Sanford has
first-day victory with Senate rule changes
JIM
DAVENPORT Associated
Press
COLUMBIA, S.C. - Gov. Mark Sanford won his
first political victory of the year Tuesday as the Senate approved
rule changes that make it more likely his agenda will at least get
voted on by lawmakers.
Last June, after watching a number of his priorities pass the
House and languish in the Senate, Sanford called on senators to
change their rules.
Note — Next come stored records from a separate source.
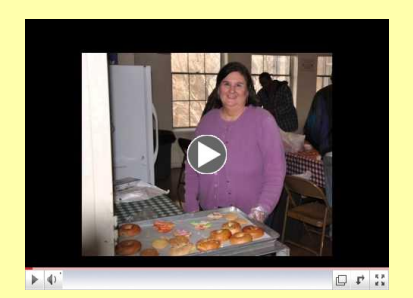
Little Rock Stewpot

To See a short video about the Stewpot, click on the photo below.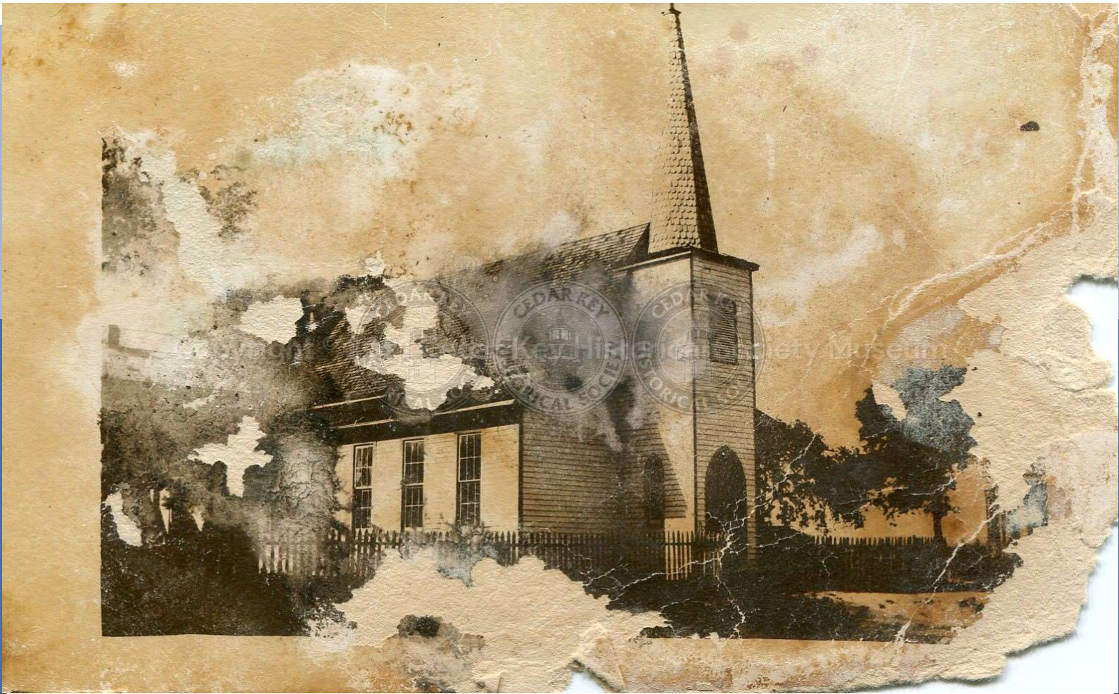
IMG06002 Episcopal Church pre-1925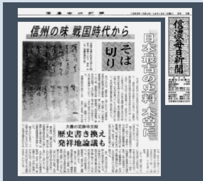
A newspaper article reporting the discovery of historical materials proving that sobakiri was eaten by common people during the Tensho era (1573-1593; The Shinano Mainichi Shimbun, December 13, 1992)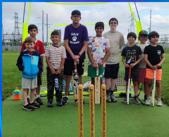
Kids Group Photo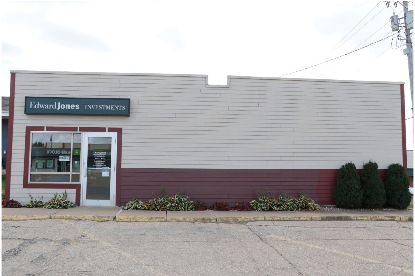
Photograph 44-02276-001. North elevation, looking south (October 2023)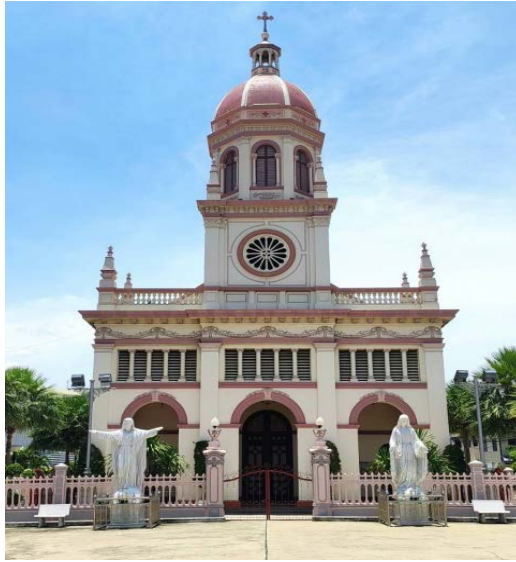
Figure 4: The Carillon Bell at Santa Cruz Church, Kudeejeen Community, 2024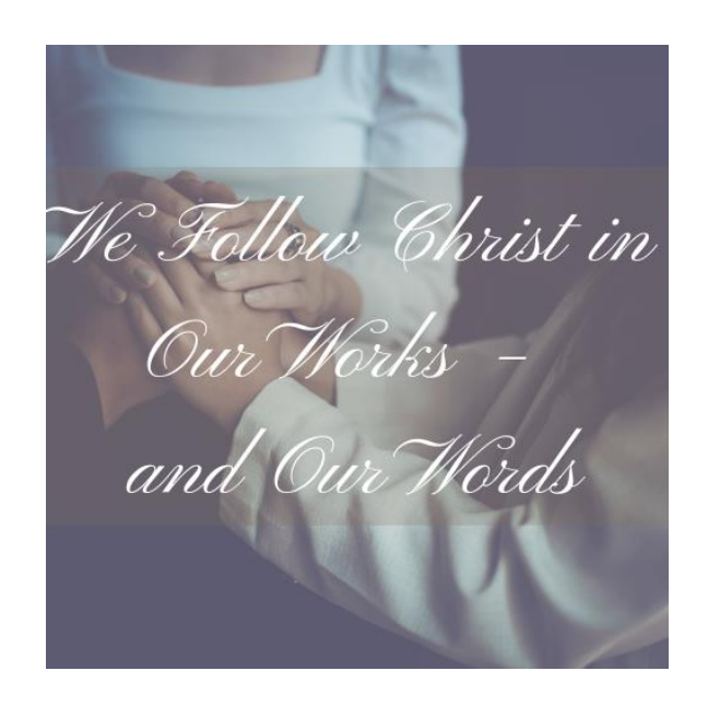
July 9, 2023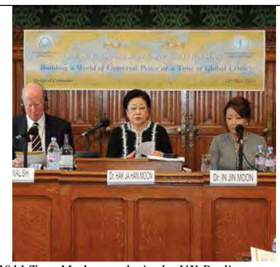
2011 True Mother spoke in the UK Parliament building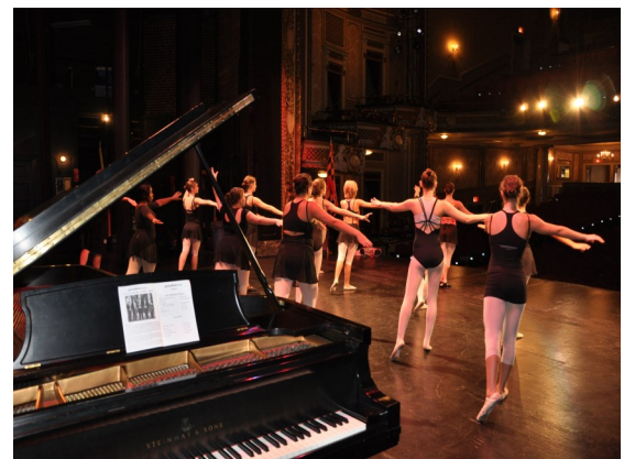
The Maryland Theatre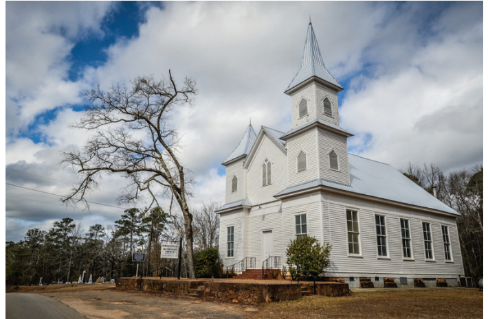
Whitesville Methodist Church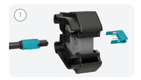
Insert unpinned MTP® PRO Connector in the Pin Change Port until audible "CLICK". Do not compress the black handles during pin insertion.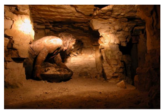
Krzemionki Opatowskie (Neolithic flint mines) krzemionki.pl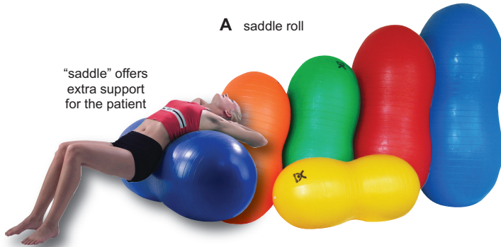
A saddle roll

"saddle" offers extra support for the patient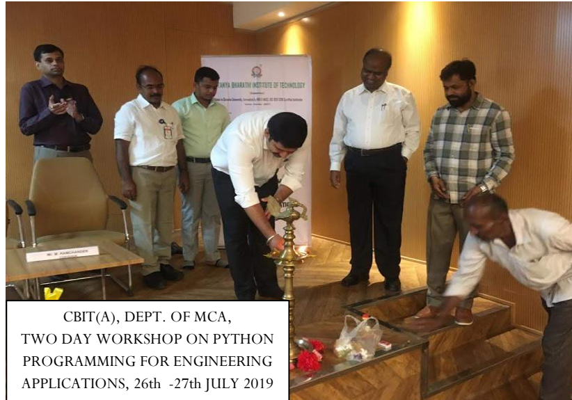
The Principal - CBIT, HOD of MCA, Speakers and faculty at the Inaugural of the Workshop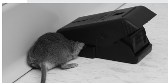
Even finicky mice can't resist this combo!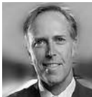
JARED HUFFMAN D - SAN RAFAEL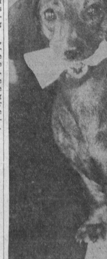
LOOK MOMMY, I paid my dog license fee, smiles a young canine as he proudly holds the evidence of his deed. Tomorrow is the deadline for licensing dogs over four months at City Hall.

Mailing of fees is possible by addressing requests to the pound office, Downey. Money orders or personal checks are accepted if made payable to the Los Angeles County Pound Department.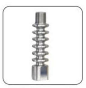
R3 High-Temprature tube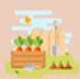
Sell Home-Grown Produce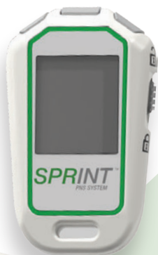
SPRINT Pulse Generator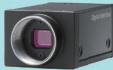
XCG-5005CR 5 Mega Raw Colour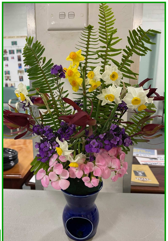
Floral Arrangement "From the Garden"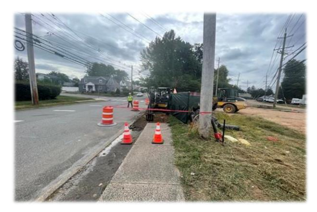
Curb Removal for Installing of New Curb Cut Out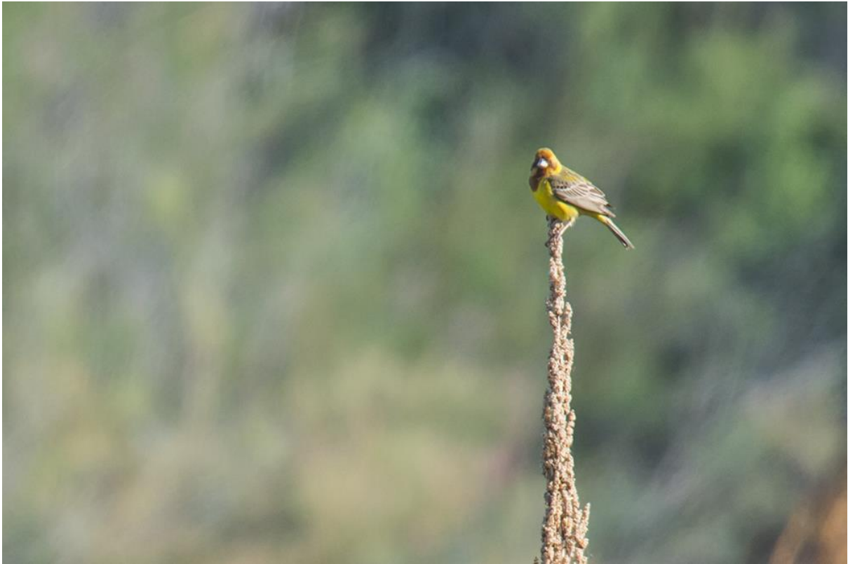
Male Red-headed bunting, a common bird in the semi-desert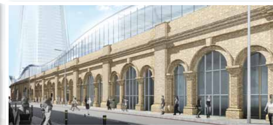
View of St Thomas Street from the East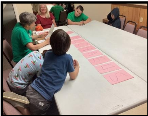
Learning about Zacchaeus.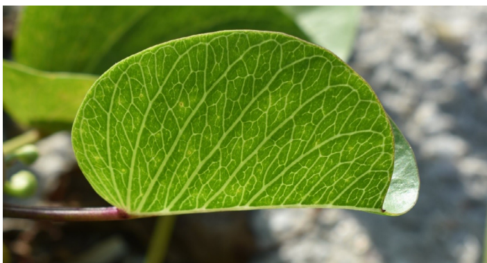
Figure 4. The veins are pinnate and reticulate (net-like), often more noticeable on the leaf undersides.

Top Senate Republicans have worked on new rules
since going home last June.
The biggest change is a rule allowing filibusters to be cut off
with 26 votes or 60 percent of the present senators voting, down
from a minimum 28 votes.
"I believe these rule changes advance our state's democratic
process while preserving the deliberative tradition of the Senate,"
Sanford said.
The new rules are expected to force more issues to votes and make
Senate committees refine legislation before sending bills to the
floor.
"More of the business of the Senate will be done out on the floor
in a competitive environment," said Senate President Pro Tem Glenn
McConnell, R-Charleston. "We'll get around the gridlock."
It's not just Sanford's projects that have gone nowhere. For the
past two years, Republicans and Democrats have used Senate rules to
block legislation to the point that sessions have ended in the midst
of filibusters.
Changing the rules is easy on the first day of the two-year
General Assembly because it requires only a simple majority vote
instead of the two-third vote needed later on.
And the Republicans, with 26 of the chamber's 46 seats, had
enough votes Tuesday to routinely defeat amendments offered by Sen.
Jake Knotts, R-Columbia, and a handful of Democrats.
"This is allowing the majority to be the majority," said Senate
Majority Leader Hugh Leatherman, R-Florence.
But Knotts said the changes will keep senators from serving
voters by stalling bad legislation. And they have loopholes. "The
rules that we passed can be circumvented," Knotts said.
The rules also take power away from Democratic leaders, who will
no longer be able to appoint anyone to conference committees that
work out difference between House and Senate versions of bills.
The new rules could trip up Republicans, said Sen. Robert Ford,
D-Charleston. Last year, six of seven filibusters in the Senate were
started by GOP lawmakers, Ford said.